The rest of Chapter 1 deals with semantic models, code generation, language workbenches, and visualization. This is followed by 56 chapters in six parts:
- Common Topics
- External DSL Topics
- Internal DSL Topics
- Alternative Computational Models
- Code Generation
With 57 chapters total, the book seems a bit intimidating at first, and it would be, except for the way it is organized, which is similar to the “design patterns” books in the Martin Fowler Signature Series. The book consists of very short chapters, often just three or four pages, that talk about a particular topic. When that topic is referenced, the page where its chapter starts is given in parentheses, like this:
With each event declaration, I can create an event from the Semantic Model and put it into a Symbol Table (165).
Using the page number in the reference, rather than a chapter or section number, or referring to a footnote, means you do not have to go to the table of contents or look somewhere else to find the page you want. And the book has a built-in ribbon to hold your place, so if you want to spend some time in the referenced chapter, you do not have keep your finger on the page you came from to hold your position. This seems like a simple thing, but in practice, it makes it much easier to follow the references.

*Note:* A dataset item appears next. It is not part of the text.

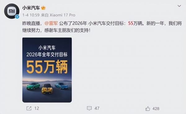 更值得注意的是,2026年小米汽车计划在年内推出4款新车,其中包括增程式车型,产品形态与使用场景将进一步扩展。这意味着,小米汽车正在从早期依赖单一爆款带动销量的阶段,逐步转向多产品并行的增长模式。

The short chapters, each about a single topic, make it easy to look up what you need to, and skip things you already know or do not need. If you are implementing a DSL on a deadline, rather than taking a college course on compilers, this organization works much better than the older compiler books that would have a large chapter on each general area of compiler design, long on theory and short on practice. This is a book for the working programmer who needs to implement a DSL.
Now, you may never need to implement a DSL. But it is also possible that doing so would make your life a lot easier, and you have just not considered the possibility. This book will help you decide, and show you some of the possibilities, without bogging you down with too much theory.

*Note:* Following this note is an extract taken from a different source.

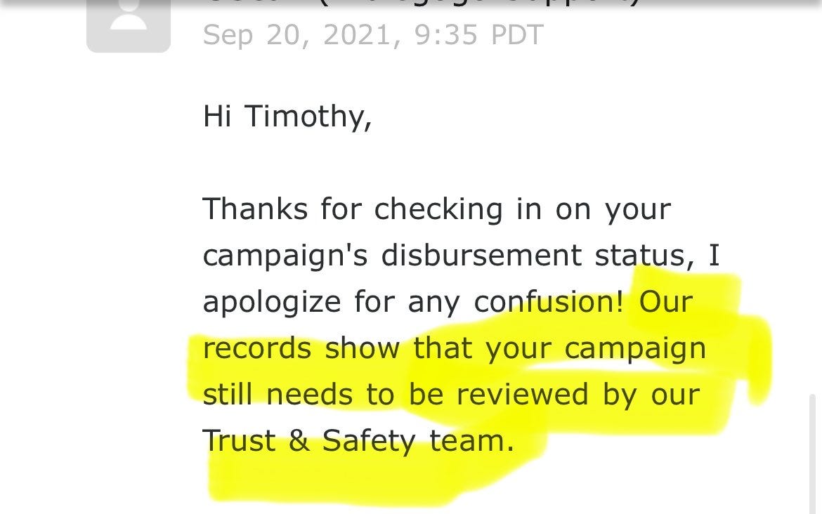 The screenshots detail how IndieGoGo has delayed sending funds to the Kamen America creator on three occasions. The first gives a clue it might be politically motivated as it cites being reviewed by Trust & Safety. The second also says, “the issue requires investigation from our Payments team.”

One parting thought: some of us still spend most of our working lives coding in assembly language. It is possible to implement a DSL in assembly language. (In fact, ColmoneBOL, mentioned earlier, was implemented in assembly language.) But there are so many more tools and facilities available in high-level languages, not to mention faster coding (studies have shown that programmers code about the same number of lines of code per day, regardless of whether they are coding in assembly language or a high-level languages, and high-level languages do more per line) and fewer error possibilities, that the cost of learning a new language may be outweighed by the improved efficiency it brings.